What are the factors that denature proteins?
Changes in pH, Increased Temperature, Exposure to UV light/radiation (dissociation of H bonds), Protonation amino acid residues, High salt concentrations are the main factors that cause a protein to denature.
Which of the following is a 39 residue hormone of the anterior pituitary gland?
ACTH
Adrenocorticotropic hormone (corticotropin; ACTH) is a 39-amino-acid peptide hormone produced by cells of the anterior pituitary gland and carried by the peripheral circulation to its effector organ, the adrenal cortex, where it stimulates the synthesis and secretion of glucocorticoids and, to a more modest extent.
Why would it be useful to determine the molecular weight of a protein?
Protein molecular weight is a key parameter to confirm, as the primary structure is the most foundational level of protein structure. Developing a robust understanding of the unmodified protein molecular weight can assist in initial assessments of the biomolecule’s functionality.
Why is the molecular weight of a protein important?
As the primary structure is the most foundational level of protein structure, protein molecular weight is a key parameter to confirm. Having a robust understanding of the unmodified protein molecular weight can help in initial assessments of the biomolecule’s functionality. This could include: Metabolic regulation.
Why do we use average molecular weight?
The molecular weight of a synthetic polymer does not have a single value, since different chains will have different lengths and different numbers of side branches. There will therefore be a distribution of molecular weights, so it is common to calculate the average molecular weight of the polymer.
Why is weight average molecular weight greater than number average?
More importantly, the weight average molecular weight is always greater than the weight average molecular weight since larger molecules in a sample weigh more than smaller molecules.
How is the molecular weight of a protein determined?
An apparent molecular weight (MW) of a protein can be determined from the migration distance of a protein complexed with a strong cationic detergent sodium dodecyl sulfate (SDS) separated on sodium dodecyl sulfate-polyacrylamide gel electrophoresis (SDS-PAGE).
What is the average weight of an amino acid residue?
AAMC decided that we should know that an amino acid residue has an average weight of 110 Da which is equal to 110 g / mol for reference. IN is a 288-residue protein so it weights about 288 * 110 Da = 31680 Da.
What is the size of a tetramer with 288 amino acids?
The solution says that since the integrase monomer is composed of 288 amino acids, it will have a ~32 kDa, and thus the answer is 128 kDa for the size of a tetramer.
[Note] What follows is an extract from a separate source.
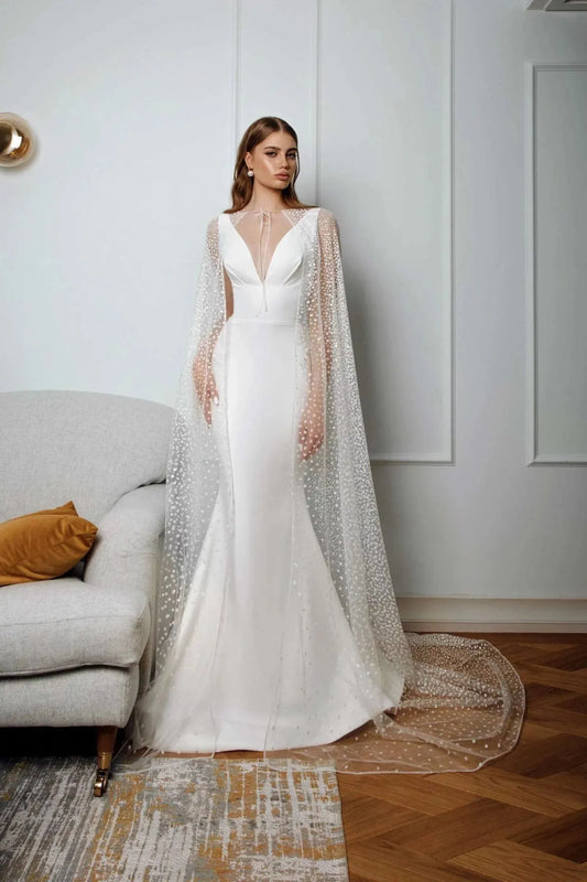 فستان سهرة حورية البحر باللون العربي الشمبانيا دبي مع كيب فاخر من الخرز فساتين رسمية لحفلات الزفاف للنساء

How did they get the 32 kDa?? Is there a formula for this kind of question?
What is the molecular weight of an inactive tetramer of in?
There’s a question in the AAMC Section Bank that says that IN (integrase) is a 288-residue protein, and it’s asking what the molecular weight would be of an inactive tetramer of IN. The solution says that since the integrase monomer is composed of 288 amino acids, it will have a ~32 kDa, and thus the answer is 128 kDa for the size of a tetramer.
What makes glycine unique among the twenty amino acids?
3. Glycine is unique among the twenty amino acids because of its lack of chirality at the alpha carbon and its small side chain. This allows glycine to adopt conformations (phi, psi angles) which are inaccessible to the other amino acids.